La détermination du fait que le cannabis pourrait aider les personnes dépendantes aux opiacés a été réalisée par une équipe de recherche américaine dirigée par des scientifiques de la prestigieuse École de Médecine “Keck” de l’Université de Californie du Sud, qui ont collaboré étroitement avec leurs collègues du Département de Psychologie de l’Université de l’État du Colorado. Les chercheurs, coordonnés par le professeur Siddhi S. Ganesh, enseignant au Département des Sciences de la Population et de la Santé Publique de l’université de Los Angeles, sont arrivés à leurs conclusions après avoir analysé les effets du tétrahydrocannabinol ou THC – le principal principe psychoactif présent dans Cannabis sativa – sur des personnes dépendantes aux opiacés qui recevaient un traitement avec un médicament destiné à contrer le sevrage et la dépendance, la naltrexone. C’est l’un des nombreux médicaments antagonistes tels que le méthadone, le naloxone, le suboxone etc., utilisés par les médecins pour ces cas de troubles et d’overdoses aux opiacés.

Plus précisément, les chercheurs ont impliqué plusieurs dizaines de consommateurs de deux structures d’assistance pour consommateurs de drogues à Los Angeles, l’une dédiée à la fourniture de seringues propres et l’autre à une clinique pour l’administration de méthadone. Tous les participants avaient au moins 18 ans et un usage confirmé d’opiacés, de drogues injectables et de cannabis. Les entretiens menés par les chercheurs ont révélé que ceux qui utilisaient le cannabis étaient capables de mieux soutenir le sevrage de l’usage d’opiacés et d’adhérer aux traitements pour le trouble de l’usage de ces drogues, car la substance permettait une meilleure gestion des symptômes. Un autre facteur intéressant est également apparu : la facilité d’accès au cannabis avait pour effet indirect de réduire l’usage d’opiacés.

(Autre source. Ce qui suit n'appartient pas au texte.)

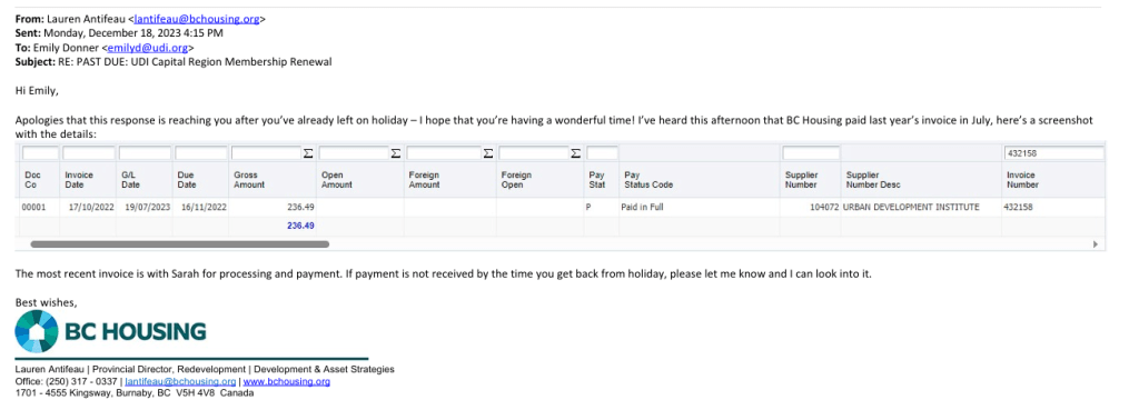 – UDI Capital Region Director Lauren Antifeau’s email through her BC Housing email address to the UDI Capital Region in regard to sorting out BC Housing’s various payments to the UDI.

Comme expliqué au Guardian par le professeur Ryan Marino, professeur à la faculté de Médecine de l’Université Case Western Reserve spécialisé dans les dépendances, certains de ses patients utilisant le cannabis ont réussi à réduire leur consommation d’opiacés ou à y mettre fin, tandis que d’autres n’ont pas réussi. Il est donc encore trop tôt pour affirmer si cela pourrait être une méthode efficace pour la population générale, cependant, comme l’a souligné l’expert, “si cela aide une personne à ne pas les utiliser ou à ne pas faire d’overdose, cela vaut plus qu’une quelconque quantité de preuves”. “Honnêtement, une vie sauvée est une vie sauvée », a conclu Marino au quotidien britannique. Il est en effet largement connu que les risques extrêmes liés à la consommation de fentanyl, de xilazine, d’héroïne, de la “drogue des zombies” et d’autres puissants opiacés sont considérables.

Bien qu’il n’y ait pas de confirmations définitives sur l’aide apportée par le cannabis, les chercheurs soulignent que des études cliniques plus approfondies devraient déterminer son efficacité réelle pour détourner les consommateurs d’opiacés d’une dépendance potentiellement mortelle. Le professeur Marino a expliqué que certains patients testés positifs au cannabis ont été exclus des centres de réhabilitation alors qu’ils essayaient de se désintoxiquer des opiacés et privés du suboxone, une situation qui, selon l’expert, peut inciter les personnes vulnérables à recommencer l’usage de drogues dures et même les conduire à mourir d’une overdose. C’est pourquoi l’importance de ne pas diaboliser le cannabis et de reconnaître la possibilité qu’il puisse aider à sauver des vies est soulignée. Une étude récente menée par des scientifiques de l’Université de Californie de Los Angeles (UCLA) a déterminé que le cannabigérol ou CBG, un principe actif peu connu du cannabis, est capable de réduire le stress et l’anxiété lors de la première étude effectuée sur l’être humain. Les détails de la recherche intitulée “Fumer de l’herbe vous aide à franchir le cap : co-utilisation du cannabis comme facilitateur de la réduction de l’usage d’opiacés parmi les personnes qui s’injectent des drogues à Los Angeles, Californie” ont été publiés dans la revue scientifique spécialisée Drug and Alcohol Dependence Reports.